(Exercise data)
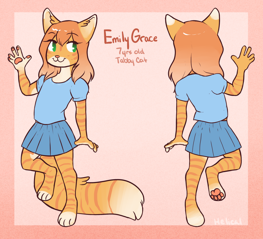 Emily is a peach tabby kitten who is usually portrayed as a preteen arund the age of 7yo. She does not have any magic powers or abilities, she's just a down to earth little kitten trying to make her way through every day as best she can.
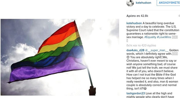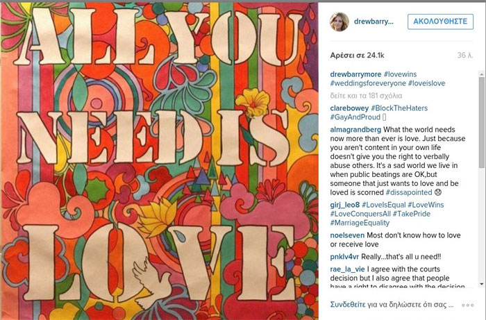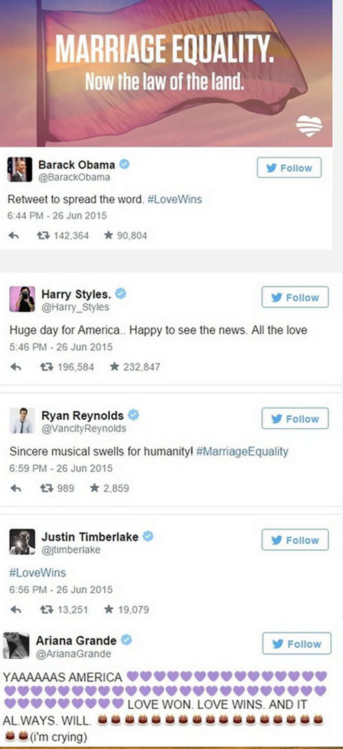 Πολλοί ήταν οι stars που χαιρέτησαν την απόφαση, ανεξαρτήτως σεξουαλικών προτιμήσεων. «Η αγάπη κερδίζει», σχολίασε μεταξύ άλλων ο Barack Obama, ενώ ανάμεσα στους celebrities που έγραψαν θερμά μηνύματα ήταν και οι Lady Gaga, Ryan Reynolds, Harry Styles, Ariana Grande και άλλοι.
(End Exercise data)
(Exercise data)
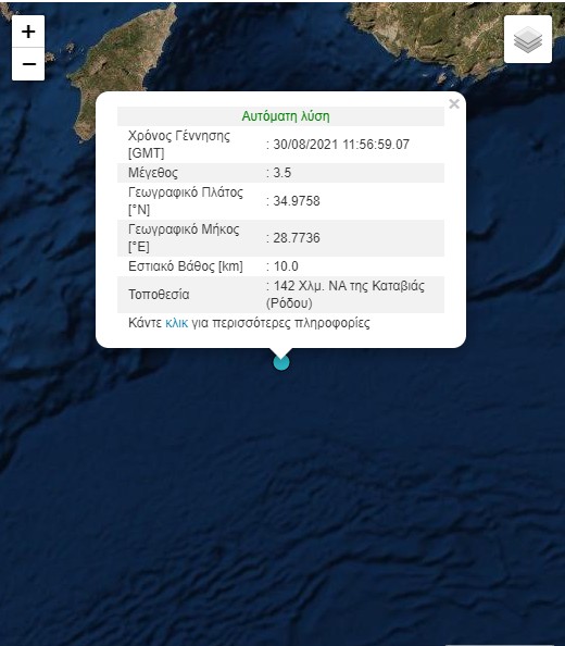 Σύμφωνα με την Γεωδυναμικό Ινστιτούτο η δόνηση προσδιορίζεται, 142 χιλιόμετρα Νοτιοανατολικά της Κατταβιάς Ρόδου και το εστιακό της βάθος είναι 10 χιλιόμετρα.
(End Exercise data)
[Work request]: What lines above run from the one with "Emily is a peach" to the one with "Πολλοί ήταν οι"? Give them again exactly, ends included, and leave the pictures out.

[Your solution]:
 Emily is a peach tabby kitten who is usually portrayed as a preteen arund the age of 7yo. She does not have any magic powers or abilities, she's just a down to earth little kitten trying to make her way through every day as best she can.
 Πολλοί ήταν οι stars που χαιρέτησαν την απόφαση, ανεξαρτήτως σεξουαλικών προτιμήσεων. «Η αγάπη κερδίζει», σχολίασε μεταξύ άλλων ο Barack Obama, ενώ ανάμεσα στους celebrities που έγραψαν θερμά μηνύματα ήταν και οι Lady Gaga, Ryan Reynolds, Harry Styles, Ariana Grande και άλλοι.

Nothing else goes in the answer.